I’m leaving ChatGPT Advanced voice mode enabled as I type this article as a companion to the AI environment. Sometimes I ask it to provide a synonym for an overused word or for some encouragement. About half an hour later, the chatbot breaks our silence and starts talking to me in Spanish, without any prompting. I chuckle a little and ask what’s going on. “Just a little change? Gotta keep it interesting,” says ChatGPT, now speaking English again.
While testing Advanced Voice Mode in an early alpha, my interactions with ChatGPT’s modern audio feature were fun, tumultuous, and surprisingly diverse, though it’s worth noting that the features I had access to were only half of what OpenAI demonstrated when it launched GPT-4o in May. The viewing aspect we saw in the live demo is now scheduled for a later release, and the improved Sky Voice that Her actress Scarlett Johanssen declined the offer, was removed from Advanced Voice Mode, and is no longer available to users.
So what’s the current vibe? Right now, Advanced Voice Mode reminds me of the original text-based ChatGPT, which launched in delayed 2022. At times, it leads to unimpressive dead ends or devolves into empty AI platitudes. But other times, low-latency conversations click in a way that Apple’s Siri or Amazon’s Alexa never did for me, and I feel compelled to continue chatting for fun. It’s the kind of AI tool you’d show your relatives at Christmas for a laugh.

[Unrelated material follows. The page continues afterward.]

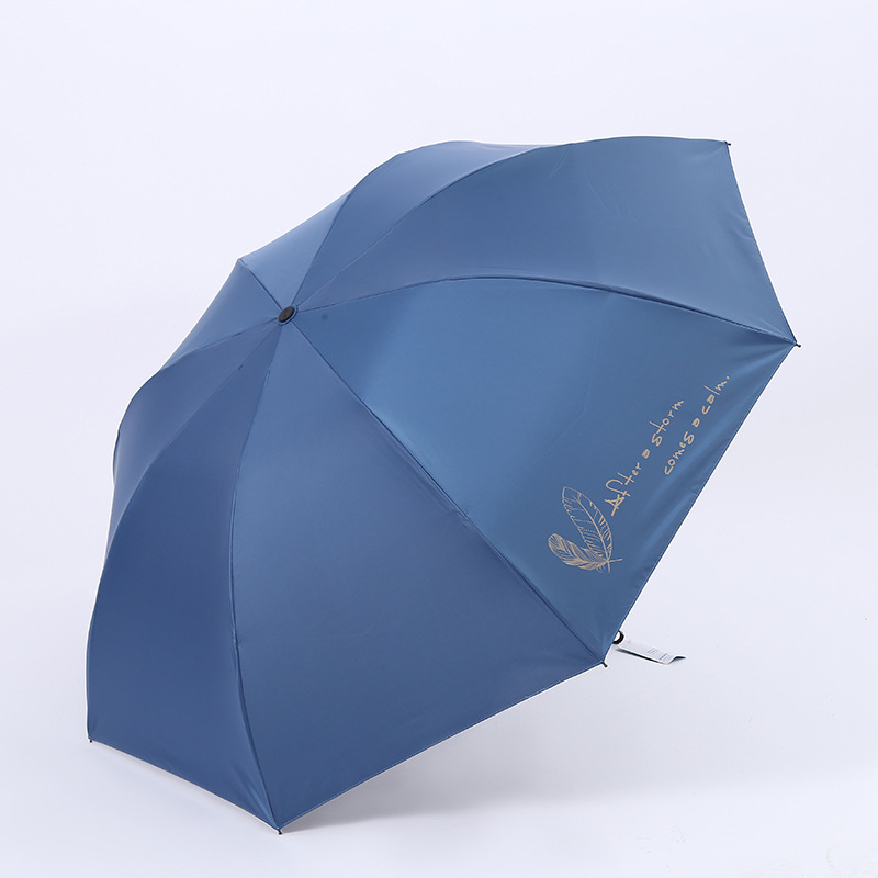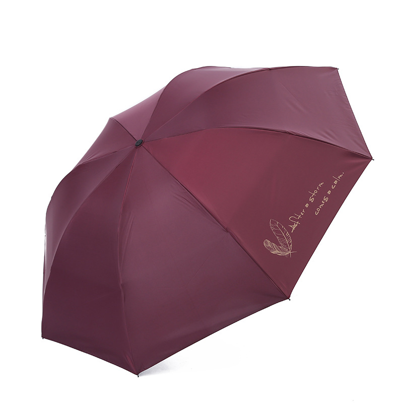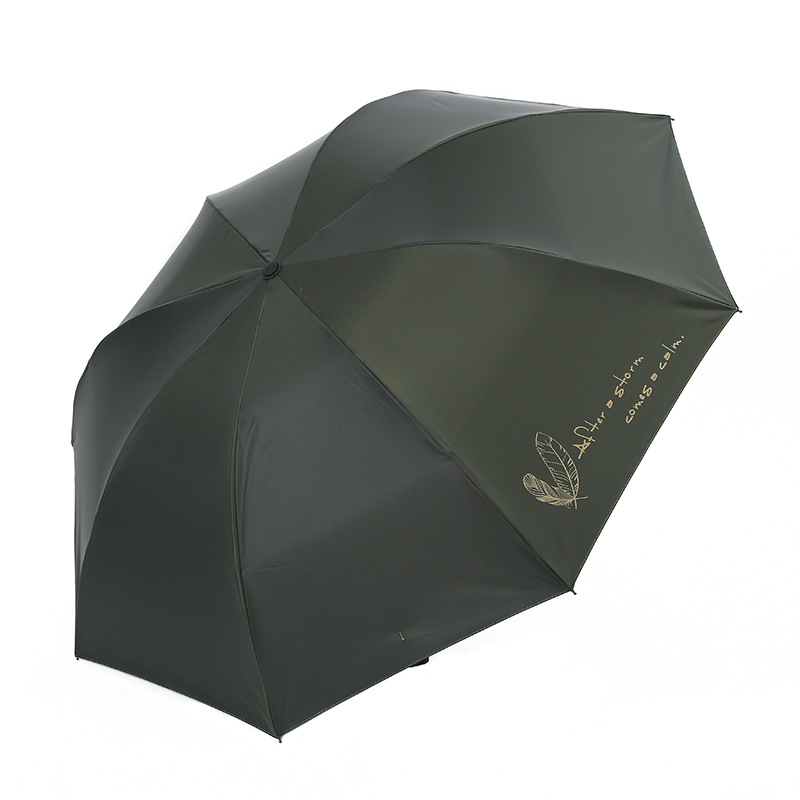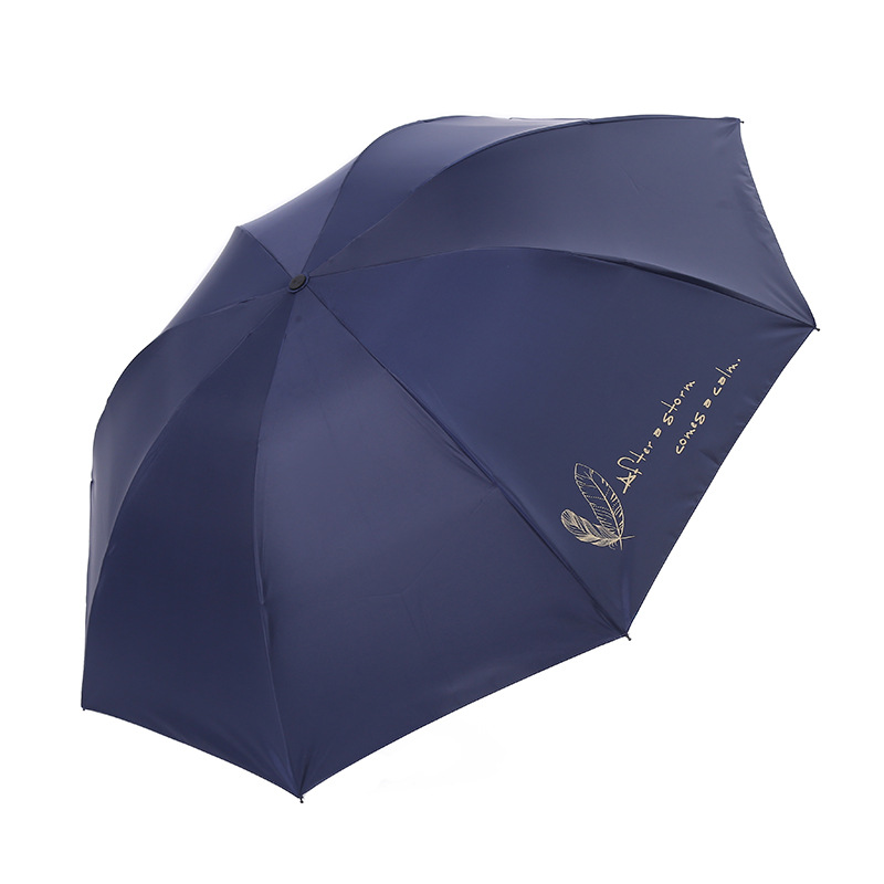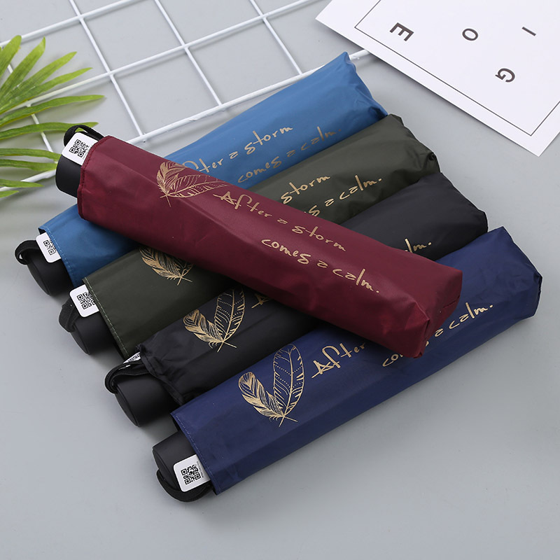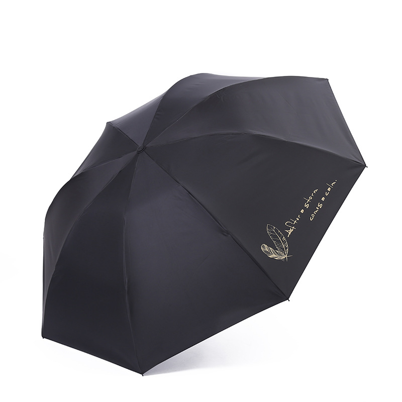 파라다이스 우산 깃털 인쇄 접는 우산 강화 두 가지 사용 안티 자외선 블랙 고무 써니 우산 로고 비즈니스 우산

OpenAI gave a few WIRED reporters access to the feature a week after the initial announcement, but withdrew it the next morning, citing security concerns. Two months later, OpenAI rolled out Advanced Voice Mode to a tiny group of users and released GPT-4o system carda technical document describing the actions taken as part of red teaming, the security threats that the company considers to be threats, and the steps taken by the company to limit the damage.
Curious to try it yourself? Here’s what you need to know about the larger rollout of Advanced Voice Mode and my first impressions of ChatGPT’s modern voice feature to facilitate you get started.
When will full implementation occur?
OpenAI rolled out the audio-only Advanced Voice Mode to some ChatGPT Plus users in delayed July, and the alpha group still appears relatively tiny. The company plans to roll it out to all subscribers in the fall. Niko Felix, an OpenAI spokesperson, didn’t provide any additional details when asked about a release timeline.
Screen sharing and video were a core part of the original demo, but they’re not available in this alpha test. OpenAI plans to add these aspects eventually, but it’s also unclear when that will happen.
If you are a ChatGPT Plus subscriber, you will receive an email from OpenAI when Advanced Voice mode is available to you. Once it is available in your account, you can switch between Standard AND Advanced at the top of the app screen when ChatGPT voice mode is open. I was able to test the alpha version on iPhone as well as on Galaxy Fold.
My First Impressions of ChatGPT’s Advanced Voice Mode
Within the first hour of talking to him, I learned that I love interrupting ChatGPT. It’s not the way to talk to a human, but the modern ability to interrupt ChatGPT mid-sentence and ask for an alternate output seems like a active improvement and a distinctive feature.
Early adopters who were excited about the original demos may be frustrated when they get access to the Advanced Voice Mode version, which is circumscribed by more security features than expected. For example, while generative AI singing was a key part of the launch demos, whispered lullabies and many voices Attempt at harmonizationAI serenades are missing in the alpha version.